# DATASET EXTRACT:

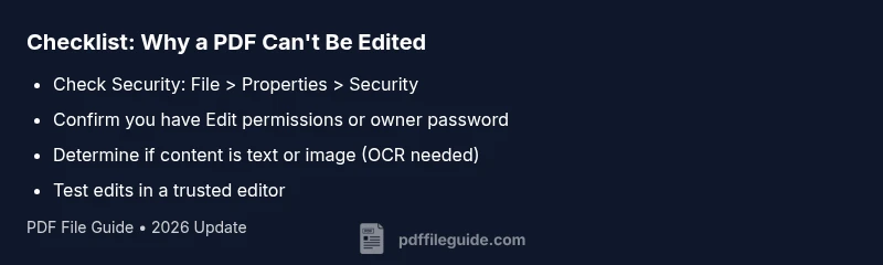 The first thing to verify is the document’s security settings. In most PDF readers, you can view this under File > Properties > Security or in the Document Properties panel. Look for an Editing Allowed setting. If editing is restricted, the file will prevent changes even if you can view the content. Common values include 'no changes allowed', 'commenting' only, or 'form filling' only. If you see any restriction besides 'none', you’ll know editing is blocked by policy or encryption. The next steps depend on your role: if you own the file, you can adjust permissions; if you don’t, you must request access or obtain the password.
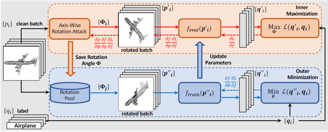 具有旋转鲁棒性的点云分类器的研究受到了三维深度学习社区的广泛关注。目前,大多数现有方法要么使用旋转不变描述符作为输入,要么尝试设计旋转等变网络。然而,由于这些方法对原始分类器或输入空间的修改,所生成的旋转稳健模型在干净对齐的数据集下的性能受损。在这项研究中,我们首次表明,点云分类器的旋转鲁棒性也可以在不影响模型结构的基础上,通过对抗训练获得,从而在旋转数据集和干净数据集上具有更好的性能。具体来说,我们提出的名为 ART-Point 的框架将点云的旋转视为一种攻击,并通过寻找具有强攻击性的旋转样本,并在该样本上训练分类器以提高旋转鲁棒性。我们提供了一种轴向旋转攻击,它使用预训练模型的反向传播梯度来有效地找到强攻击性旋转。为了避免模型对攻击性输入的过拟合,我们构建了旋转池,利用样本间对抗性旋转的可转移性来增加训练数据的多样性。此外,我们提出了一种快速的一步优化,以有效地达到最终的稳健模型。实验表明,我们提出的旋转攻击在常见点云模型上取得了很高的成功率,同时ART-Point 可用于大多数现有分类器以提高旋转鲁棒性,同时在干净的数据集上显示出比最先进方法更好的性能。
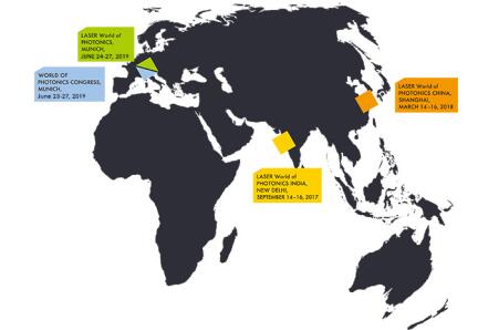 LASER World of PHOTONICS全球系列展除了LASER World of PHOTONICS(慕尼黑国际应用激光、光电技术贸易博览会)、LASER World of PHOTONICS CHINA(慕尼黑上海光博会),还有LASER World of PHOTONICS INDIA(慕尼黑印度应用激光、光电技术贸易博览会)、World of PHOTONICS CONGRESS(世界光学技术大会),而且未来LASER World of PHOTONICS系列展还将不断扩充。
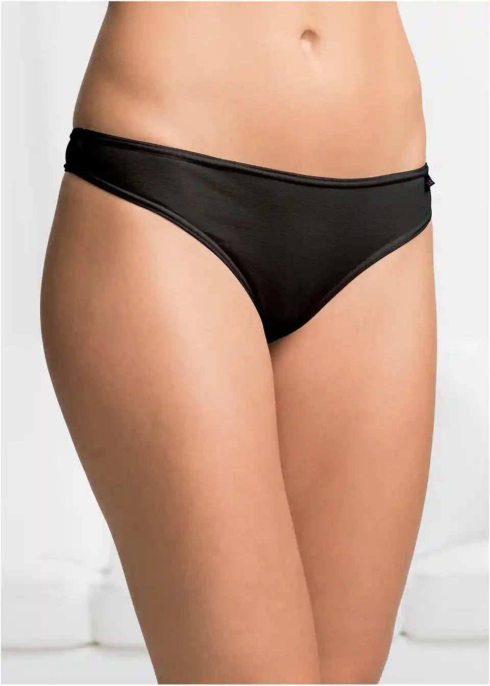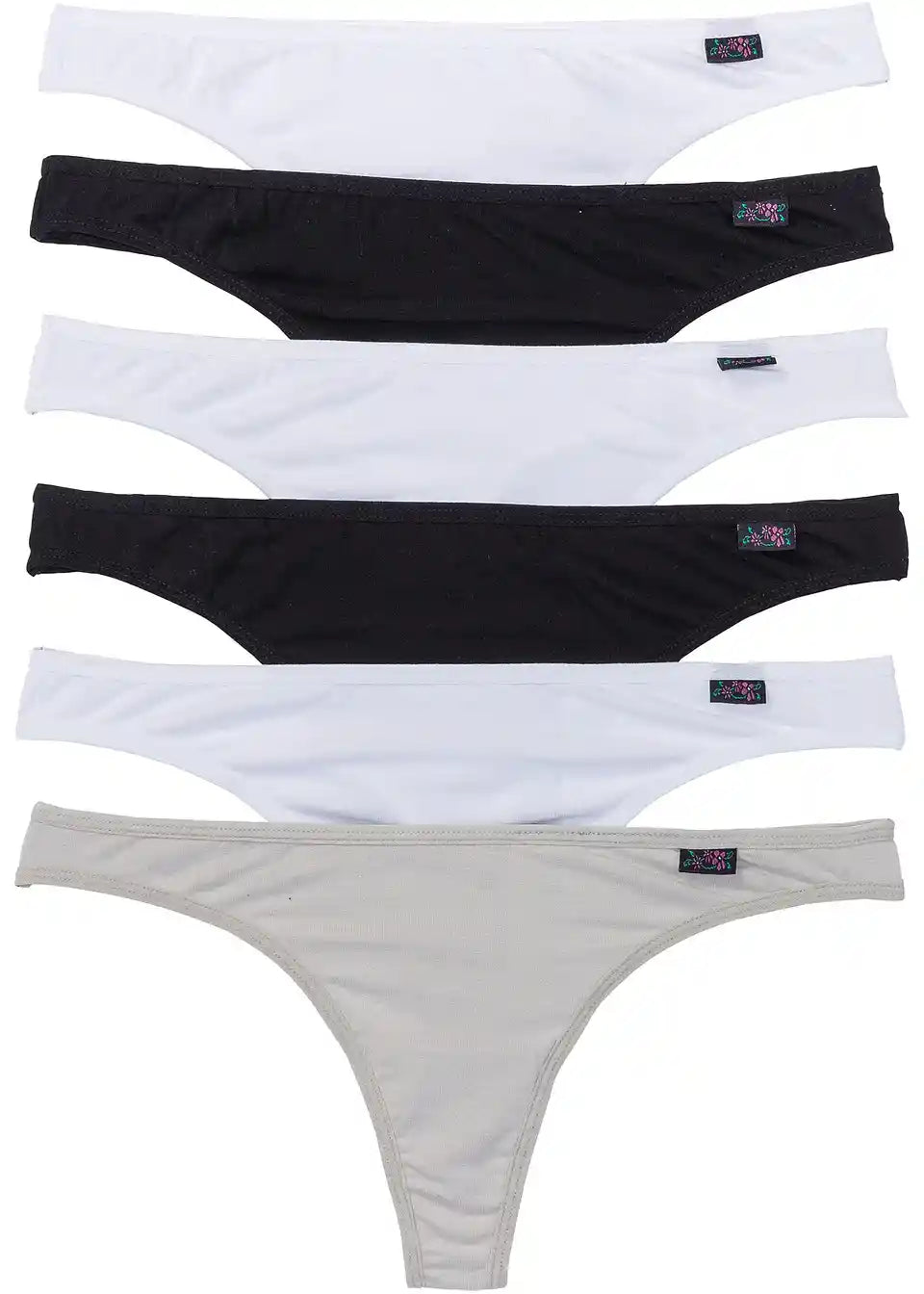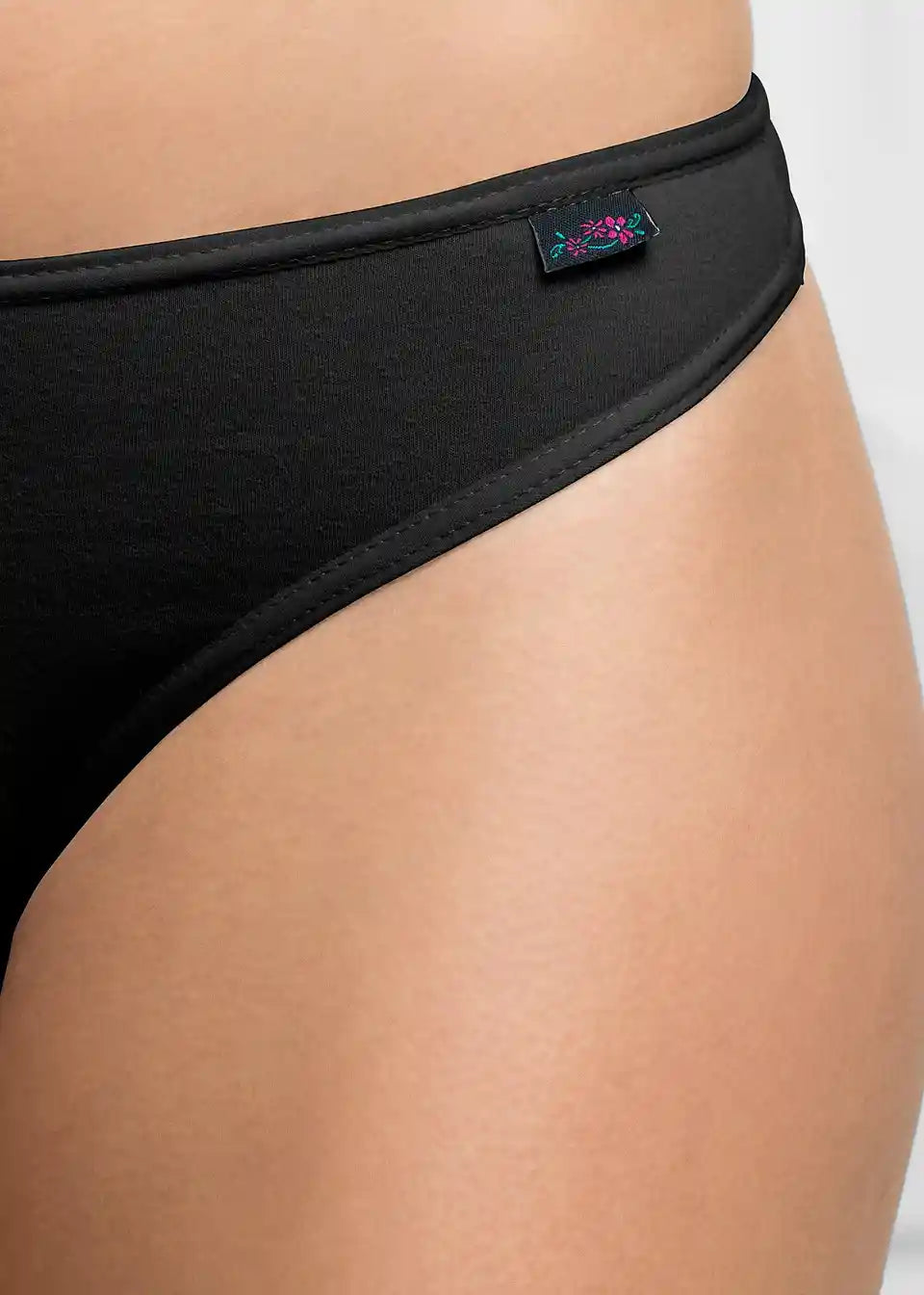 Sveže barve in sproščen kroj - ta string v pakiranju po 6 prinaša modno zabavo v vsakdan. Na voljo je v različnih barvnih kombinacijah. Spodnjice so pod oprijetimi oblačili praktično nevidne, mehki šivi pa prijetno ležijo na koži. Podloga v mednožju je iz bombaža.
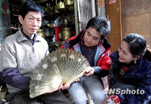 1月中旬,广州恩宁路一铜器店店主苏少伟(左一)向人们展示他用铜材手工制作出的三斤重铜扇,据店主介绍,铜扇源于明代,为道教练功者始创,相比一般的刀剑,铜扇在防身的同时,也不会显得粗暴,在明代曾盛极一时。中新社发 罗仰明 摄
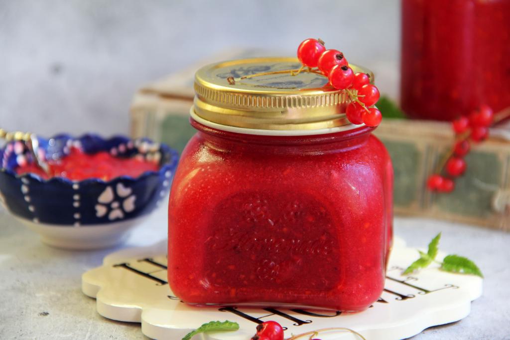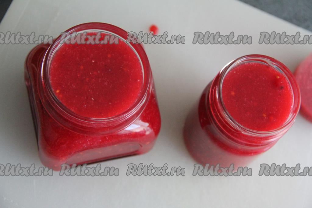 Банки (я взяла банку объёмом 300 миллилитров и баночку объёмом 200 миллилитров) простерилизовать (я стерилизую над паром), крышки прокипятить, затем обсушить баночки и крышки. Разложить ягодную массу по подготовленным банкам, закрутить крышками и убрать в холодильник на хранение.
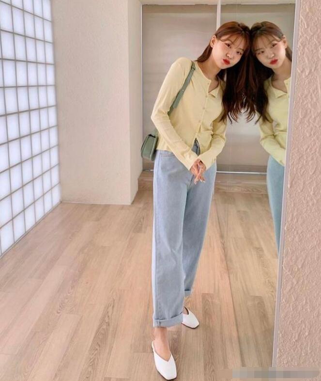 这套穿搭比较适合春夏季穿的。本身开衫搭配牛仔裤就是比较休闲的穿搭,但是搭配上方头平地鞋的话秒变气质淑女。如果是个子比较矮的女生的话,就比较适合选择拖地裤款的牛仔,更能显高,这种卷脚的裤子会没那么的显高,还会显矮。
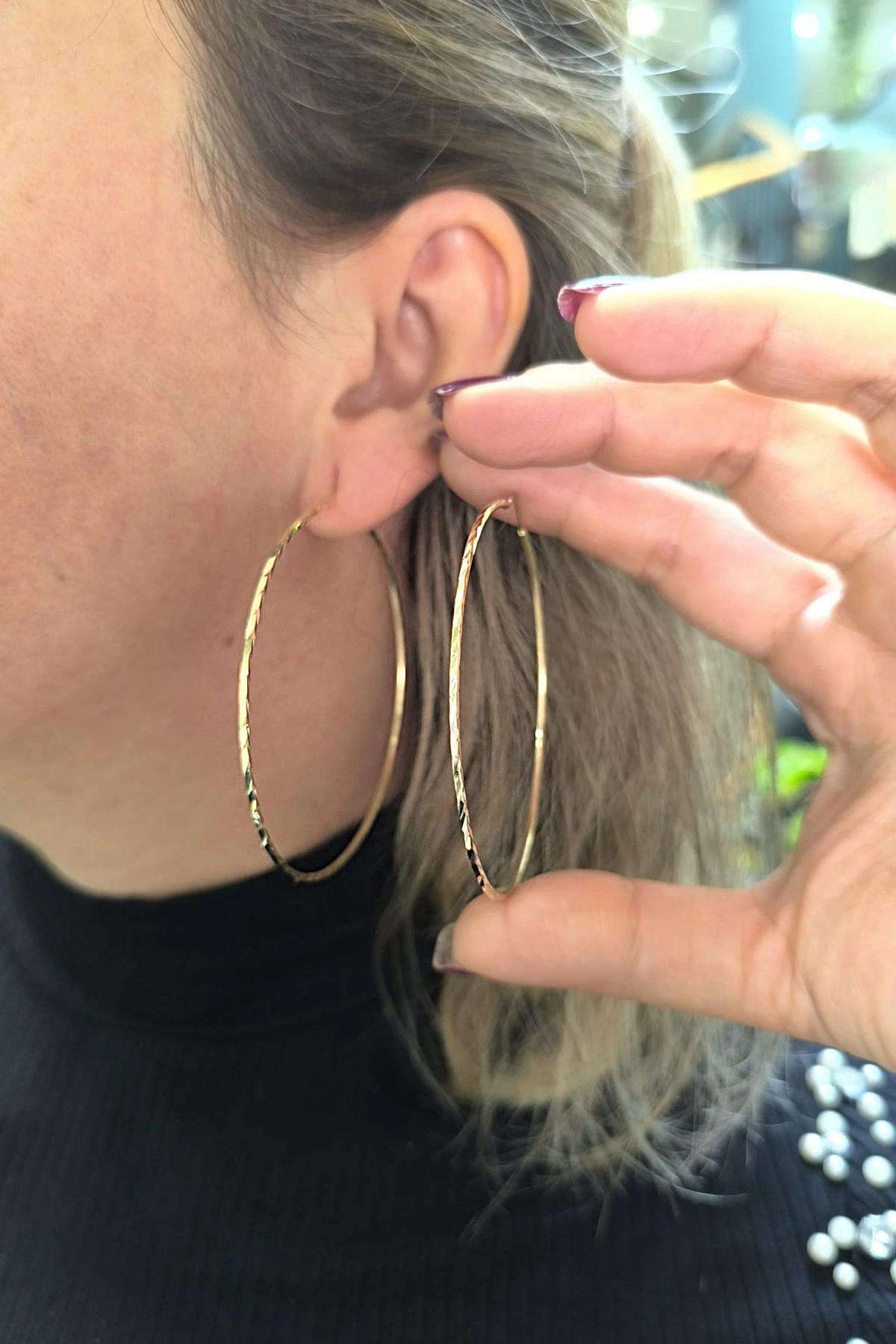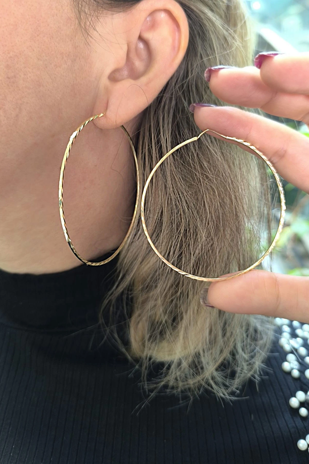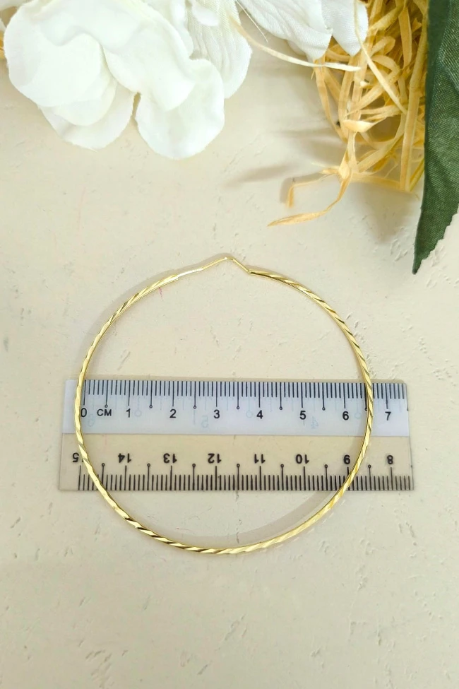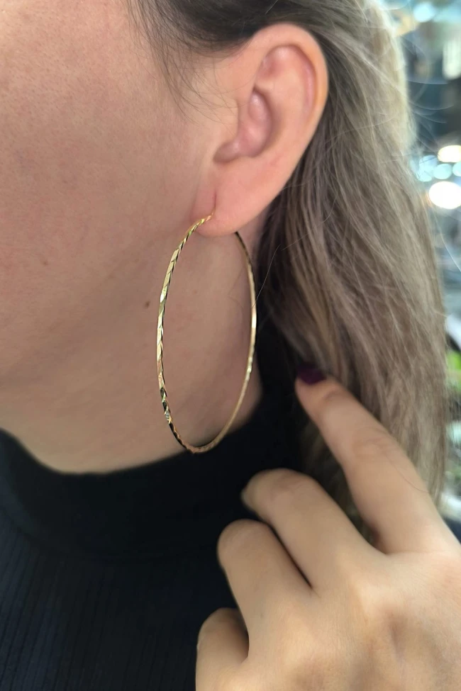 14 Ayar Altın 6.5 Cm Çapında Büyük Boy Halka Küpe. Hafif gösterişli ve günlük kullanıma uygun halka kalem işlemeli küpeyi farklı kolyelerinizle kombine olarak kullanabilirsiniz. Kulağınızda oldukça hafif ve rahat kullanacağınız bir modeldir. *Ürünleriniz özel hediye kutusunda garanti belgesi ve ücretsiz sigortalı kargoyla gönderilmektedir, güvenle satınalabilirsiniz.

# WHAT NEEDS TO BE DONE:
Your task is to repeat the entries above exactly, omitting the pictures.

# EXPECTED ANSWER:
 The first thing to verify is the document’s security settings. In most PDF readers, you can view this under File > Properties > Security or in the Document Properties panel. Look for an Editing Allowed setting. If editing is restricted, the file will prevent changes even if you can view the content. Common values include 'no changes allowed', 'commenting' only, or 'form filling' only. If you see any restriction besides 'none', you’ll know editing is blocked by policy or encryption. The next steps depend on your role: if you own the file, you can adjust permissions; if you don’t, you must request access or obtain the password.
 具有旋转鲁棒性的点云分类器的研究受到了三维深度学习社区的广泛关注。目前,大多数现有方法要么使用旋转不变描述符作为输入,要么尝试设计旋转等变网络。然而,由于这些方法对原始分类器或输入空间的修改,所生成的旋转稳健模型在干净对齐的数据集下的性能受损。在这项研究中,我们首次表明,点云分类器的旋转鲁棒性也可以在不影响模型结构的基础上,通过对抗训练获得,从而在旋转数据集和干净数据集上具有更好的性能。具体来说,我们提出的名为 ART-Point 的框架将点云的旋转视为一种攻击,并通过寻找具有强攻击性的旋转样本,并在该样本上训练分类器以提高旋转鲁棒性。我们提供了一种轴向旋转攻击,它使用预训练模型的反向传播梯度来有效地找到强攻击性旋转。为了避免模型对攻击性输入的过拟合,我们构建了旋转池,利用样本间对抗性旋转的可转移性来增加训练数据的多样性。此外,我们提出了一种快速的一步优化,以有效地达到最终的稳健模型。实验表明,我们提出的旋转攻击在常见点云模型上取得了很高的成功率,同时ART-Point 可用于大多数现有分类器以提高旋转鲁棒性,同时在干净的数据集上显示出比最先进方法更好的性能。
 LASER World of PHOTONICS全球系列展除了LASER World of PHOTONICS(慕尼黑国际应用激光、光电技术贸易博览会)、LASER World of PHOTONICS CHINA(慕尼黑上海光博会),还有LASER World of PHOTONICS INDIA(慕尼黑印度应用激光、光电技术贸易博览会)、World of PHOTONICS CONGRESS(世界光学技术大会),而且未来LASER World of PHOTONICS系列展还将不断扩充。
 Sveže barve in sproščen kroj - ta string v pakiranju po 6 prinaša modno zabavo v vsakdan. Na voljo je v različnih barvnih kombinacijah. Spodnjice so pod oprijetimi oblačili praktično nevidne, mehki šivi pa prijetno ležijo na koži. Podloga v mednožju je iz bombaža.
 1月中旬,广州恩宁路一铜器店店主苏少伟(左一)向人们展示他用铜材手工制作出的三斤重铜扇,据店主介绍,铜扇源于明代,为道教练功者始创,相比一般的刀剑,铜扇在防身的同时,也不会显得粗暴,在明代曾盛极一时。中新社发 罗仰明 摄
 Банки (я взяла банку объёмом 300 миллилитров и баночку объёмом 200 миллилитров) простерилизовать (я стерилизую над паром), крышки прокипятить, затем обсушить баночки и крышки. Разложить ягодную массу по подготовленным банкам, закрутить крышками и убрать в холодильник на хранение.
 这套穿搭比较适合春夏季穿的。本身开衫搭配牛仔裤就是比较休闲的穿搭,但是搭配上方头平地鞋的话秒变气质淑女。如果是个子比较矮的女生的话,就比较适合选择拖地裤款的牛仔,更能显高,这种卷脚的裤子会没那么的显高,还会显矮。
 14 Ayar Altın 6.5 Cm Çapında Büyük Boy Halka Küpe. Hafif gösterişli ve günlük kullanıma uygun halka kalem işlemeli küpeyi farklı kolyelerinizle kombine olarak kullanabilirsiniz. Kulağınızda oldukça hafif ve rahat kullanacağınız bir modeldir. *Ürünleriniz özel hediye kutusunda garanti belgesi ve ücretsiz sigortalı kargoyla gönderilmektedir, güvenle satınalabilirsiniz.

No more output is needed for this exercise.